Disabling this can be a good solution for standalone Beacons, that want to be able to use tokens generated by any authority. If verify_aud=True is set provide also value(s) for audience key, as otherwise the audience will be attempted to be validated, but as no audiences are listed, the validation will fail.

Note

For implementing CONTROLLED dataset permissions see Handling Permissions.

beacon-python Setup

For installing beacon-python do the following:

$ git clone https://github.com/CSCfi/beacon-python
$ pip install -r requirements.txt
$ cd beacon-python
$ pip install .

Hint

Before running the application:

To run the application from command line use:

$ beacon

For advance setup see Gunicorn Setup below.

Gunicorn Setup

By default the application will run a simple aiohttp web server, and best solution in most cases. For other options see aiohttp Server Deployment we recommend gunicorn.

$ gunicorn beacon_api.app:init --bind $THE_HOST:$THE_PORT \
                               --worker-class aiohttp.GunicornUVLoopWebWorker \
                               --workers 4

Database Setup

Full information about the database schema and the queries performed against it is available at: Database.

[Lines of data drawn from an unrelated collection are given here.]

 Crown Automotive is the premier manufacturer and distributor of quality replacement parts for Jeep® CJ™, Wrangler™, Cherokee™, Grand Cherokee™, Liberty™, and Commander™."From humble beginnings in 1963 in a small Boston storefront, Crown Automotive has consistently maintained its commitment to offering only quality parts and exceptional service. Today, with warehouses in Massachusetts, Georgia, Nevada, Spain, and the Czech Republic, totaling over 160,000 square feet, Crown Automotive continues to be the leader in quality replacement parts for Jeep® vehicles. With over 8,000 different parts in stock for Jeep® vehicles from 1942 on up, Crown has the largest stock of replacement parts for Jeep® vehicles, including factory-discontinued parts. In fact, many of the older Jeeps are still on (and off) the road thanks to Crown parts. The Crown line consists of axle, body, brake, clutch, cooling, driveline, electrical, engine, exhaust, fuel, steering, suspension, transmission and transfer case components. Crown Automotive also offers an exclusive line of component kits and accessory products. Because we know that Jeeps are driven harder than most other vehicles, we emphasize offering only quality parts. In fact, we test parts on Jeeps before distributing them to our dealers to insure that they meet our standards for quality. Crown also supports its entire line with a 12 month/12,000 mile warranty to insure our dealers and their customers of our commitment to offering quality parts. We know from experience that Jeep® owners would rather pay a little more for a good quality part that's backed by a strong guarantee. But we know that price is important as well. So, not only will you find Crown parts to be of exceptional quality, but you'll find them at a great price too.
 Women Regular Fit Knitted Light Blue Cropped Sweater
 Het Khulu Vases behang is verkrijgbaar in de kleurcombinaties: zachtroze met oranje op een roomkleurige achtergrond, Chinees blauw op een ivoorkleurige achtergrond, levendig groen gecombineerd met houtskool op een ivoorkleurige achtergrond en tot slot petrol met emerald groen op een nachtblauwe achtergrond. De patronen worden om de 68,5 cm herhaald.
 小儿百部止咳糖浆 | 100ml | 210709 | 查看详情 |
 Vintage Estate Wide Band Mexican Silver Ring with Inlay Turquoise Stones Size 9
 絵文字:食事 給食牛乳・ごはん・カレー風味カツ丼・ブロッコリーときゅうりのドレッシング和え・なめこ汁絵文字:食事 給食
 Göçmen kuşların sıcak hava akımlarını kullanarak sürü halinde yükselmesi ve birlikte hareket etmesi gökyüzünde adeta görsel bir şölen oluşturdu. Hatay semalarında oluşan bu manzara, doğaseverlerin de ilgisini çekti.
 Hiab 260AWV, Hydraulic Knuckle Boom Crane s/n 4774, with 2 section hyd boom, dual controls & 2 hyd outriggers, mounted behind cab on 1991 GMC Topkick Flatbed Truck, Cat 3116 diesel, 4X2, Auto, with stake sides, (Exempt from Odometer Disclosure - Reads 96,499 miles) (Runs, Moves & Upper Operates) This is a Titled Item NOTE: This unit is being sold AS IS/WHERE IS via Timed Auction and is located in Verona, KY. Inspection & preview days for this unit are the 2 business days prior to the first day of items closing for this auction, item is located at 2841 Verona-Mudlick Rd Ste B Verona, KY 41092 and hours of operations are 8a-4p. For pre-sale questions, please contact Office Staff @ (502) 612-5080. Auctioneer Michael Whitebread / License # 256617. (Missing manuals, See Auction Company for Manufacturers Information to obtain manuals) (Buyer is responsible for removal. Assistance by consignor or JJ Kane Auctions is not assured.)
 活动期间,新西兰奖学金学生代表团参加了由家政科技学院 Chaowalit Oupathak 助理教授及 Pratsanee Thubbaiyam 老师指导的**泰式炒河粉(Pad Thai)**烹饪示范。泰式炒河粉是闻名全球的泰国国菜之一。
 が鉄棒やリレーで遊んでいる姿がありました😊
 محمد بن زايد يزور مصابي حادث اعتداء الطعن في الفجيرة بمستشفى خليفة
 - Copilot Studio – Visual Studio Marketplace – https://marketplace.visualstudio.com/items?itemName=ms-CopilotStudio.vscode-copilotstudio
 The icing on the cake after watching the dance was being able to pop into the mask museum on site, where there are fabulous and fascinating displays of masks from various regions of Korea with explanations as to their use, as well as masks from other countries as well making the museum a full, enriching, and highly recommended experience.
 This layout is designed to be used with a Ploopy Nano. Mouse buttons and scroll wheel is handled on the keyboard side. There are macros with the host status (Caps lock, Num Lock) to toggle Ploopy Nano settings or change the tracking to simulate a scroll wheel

Starting PostgreSQL using Docker:

cd beacon-python
docker run -d \
           -e POSTGRES_USER=beacon \
           -e POSTGRES_PASSWORD=beacon \
           -e POSTGRES_DB=beacondb \
           -v "$PWD/data":/docker-entrypoint-initdb.d \
           -p 5432:5432 postgres:13

Hint

If one has their own database the beacon_init utility can be skipped, and make use of their own database by:

  • creating a DB View that matches the DB schema for the beacon python server see: Database for information on the database schema and queries;
  • migrating the database to match the Database schema;
  • modifying the queries in beacon_api.utils.data_query() in order to fit one’s own database.

Loading data (Optional)

For loading datasets to database we provide the beacon_init utility:

$ beacon_init --help
usage: beacon_init [-h] [--samples SAMPLES]
                  [--min_allele_count MIN_ALLELE_COUNT]
                  datafile metadata

Load datafiles with associated metadata into the beacon database. See example
data and metadata files in the /data directory.

positional arguments:
  datafile              .vcf file containing variant information
  metadata              .json file containing metadata associated to datafile

optional arguments:
  -h, --help            show this help message and exit
  --samples SAMPLES     comma separated string of samples to process.
                        EXPERIMENTAL
  --min_allele_count MIN_ALLELE_COUNT
                        minimum allele count can be raised to ignore rare
                        variants. Default value is 1

As an example, a dataset metadata could be:

{
    "name": "1000 genome",
    "datasetId": "urn:hg:1000genome",
    "description": "Data from 1000 genome project",
    "assemblyId": "GRCh38",
    "createDateTime": "2013-05-02 12:00:00",
    "updateDateTime": "2013-05-02 12:00:00",
    "version": "v0.4",
    "externalUrl": "ftp://ftp.1000genomes.ebi.ac.uk/vol1/ftp/release/20130502/",
    "accessType": "PUBLIC",
    "callCount": 3892,
    "variantCount": 4242
}

For loading data into the database we can proceed as follows:

$ beacon_init data/ALL.chrMT.phase3_callmom-v0_4.20130502.genotypes.vcf.gz data/example_metadata.json

(EXPERIMENTAL) For loading data into the database from selected samples only we can proceed as follows:

$ beacon_init data/ALL.chrMT.phase3_callmom-v0_4.20130502.genotypes.vcf.gz data/example_metadata.json --samples HG0001,HG0002,HG0003

For ignoring rare alleles, set a minimum allele count with --min_allele_count:

$ beacon_init data/ALL.chrMT.phase3_callmom-v0_4.20130502.genotypes.vcf.gz data/example_metadata.json --min_allele_count 20

Note

One dataset can have multiple files, in order to add more files to one dataset, repeat the command above. The parameters callCount and variantCount from the metadata file reflect values of the entire dataset. These values can be initialised with 0 if they are not known and updated in beacon_dataset_counts_table table. As of this moment we do not provide an option for bulk upload of files from a dataset.

Note

For loading 1000 genome dataset see: 1000 Genome Loader instructions.